**Provided data:**
::::::::::
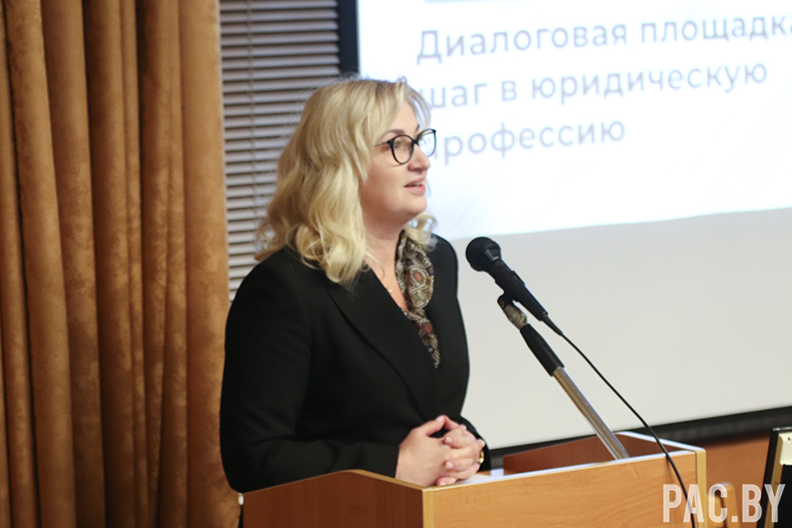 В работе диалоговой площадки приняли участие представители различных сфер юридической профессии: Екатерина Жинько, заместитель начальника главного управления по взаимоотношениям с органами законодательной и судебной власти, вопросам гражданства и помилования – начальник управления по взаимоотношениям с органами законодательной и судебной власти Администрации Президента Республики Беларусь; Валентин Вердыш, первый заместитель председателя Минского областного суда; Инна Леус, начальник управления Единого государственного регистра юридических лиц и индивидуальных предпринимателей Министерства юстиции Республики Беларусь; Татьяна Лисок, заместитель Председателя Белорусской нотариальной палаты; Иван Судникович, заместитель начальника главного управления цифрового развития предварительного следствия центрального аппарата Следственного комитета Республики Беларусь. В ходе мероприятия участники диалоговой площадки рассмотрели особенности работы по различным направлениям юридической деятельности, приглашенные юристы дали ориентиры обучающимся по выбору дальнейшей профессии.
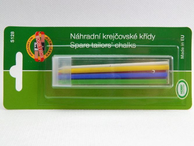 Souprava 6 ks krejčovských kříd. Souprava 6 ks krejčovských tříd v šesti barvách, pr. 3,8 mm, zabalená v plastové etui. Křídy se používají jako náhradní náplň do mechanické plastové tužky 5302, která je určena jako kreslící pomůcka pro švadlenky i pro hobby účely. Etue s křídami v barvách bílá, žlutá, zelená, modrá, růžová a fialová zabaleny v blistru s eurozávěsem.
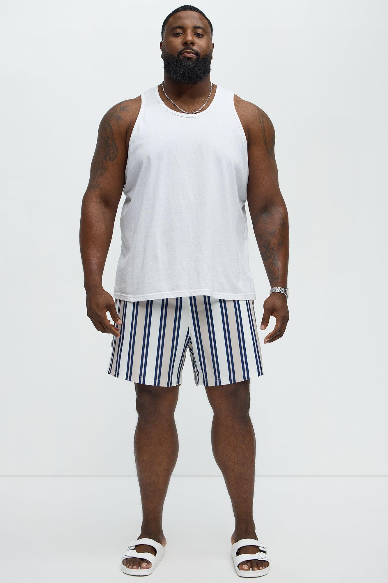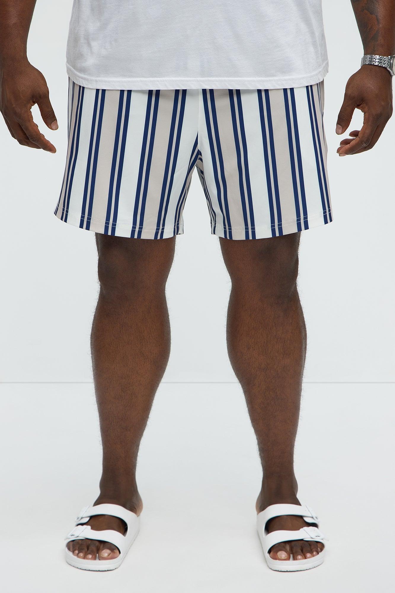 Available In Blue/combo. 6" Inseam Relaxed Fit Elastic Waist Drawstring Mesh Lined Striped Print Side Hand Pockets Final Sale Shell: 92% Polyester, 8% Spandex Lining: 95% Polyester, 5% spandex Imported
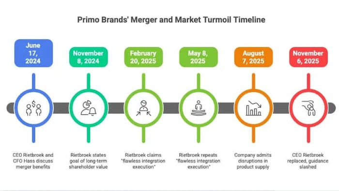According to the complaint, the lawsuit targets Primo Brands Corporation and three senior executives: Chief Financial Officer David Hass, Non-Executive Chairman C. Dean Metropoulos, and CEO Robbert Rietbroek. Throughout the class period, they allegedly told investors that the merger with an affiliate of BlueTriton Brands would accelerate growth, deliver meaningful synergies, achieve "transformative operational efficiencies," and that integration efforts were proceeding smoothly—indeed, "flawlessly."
::::::::::
**Exercise aim:**
For the material above, repeat each line exactly and leave out the pictures.

**Answer:**
 В работе диалоговой площадки приняли участие представители различных сфер юридической профессии: Екатерина Жинько, заместитель начальника главного управления по взаимоотношениям с органами законодательной и судебной власти, вопросам гражданства и помилования – начальник управления по взаимоотношениям с органами законодательной и судебной власти Администрации Президента Республики Беларусь; Валентин Вердыш, первый заместитель председателя Минского областного суда; Инна Леус, начальник управления Единого государственного регистра юридических лиц и индивидуальных предпринимателей Министерства юстиции Республики Беларусь; Татьяна Лисок, заместитель Председателя Белорусской нотариальной палаты; Иван Судникович, заместитель начальника главного управления цифрового развития предварительного следствия центрального аппарата Следственного комитета Республики Беларусь. В ходе мероприятия участники диалоговой площадки рассмотрели особенности работы по различным направлениям юридической деятельности, приглашенные юристы дали ориентиры обучающимся по выбору дальнейшей профессии.
 Souprava 6 ks krejčovských kříd. Souprava 6 ks krejčovských tříd v šesti barvách, pr. 3,8 mm, zabalená v plastové etui. Křídy se používají jako náhradní náplň do mechanické plastové tužky 5302, která je určena jako kreslící pomůcka pro švadlenky i pro hobby účely. Etue s křídami v barvách bílá, žlutá, zelená, modrá, růžová a fialová zabaleny v blistru s eurozávěsem.
 Available In Blue/combo. 6" Inseam Relaxed Fit Elastic Waist Drawstring Mesh Lined Striped Print Side Hand Pockets Final Sale Shell: 92% Polyester, 8% Spandex Lining: 95% Polyester, 5% spandex Imported
According to the complaint, the lawsuit targets Primo Brands Corporation and three senior executives: Chief Financial Officer David Hass, Non-Executive Chairman C. Dean Metropoulos, and CEO Robbert Rietbroek. Throughout the class period, they allegedly told investors that the merger with an affiliate of BlueTriton Brands would accelerate growth, deliver meaningful synergies, achieve "transformative operational efficiencies," and that integration efforts were proceeding smoothly—indeed, "flawlessly."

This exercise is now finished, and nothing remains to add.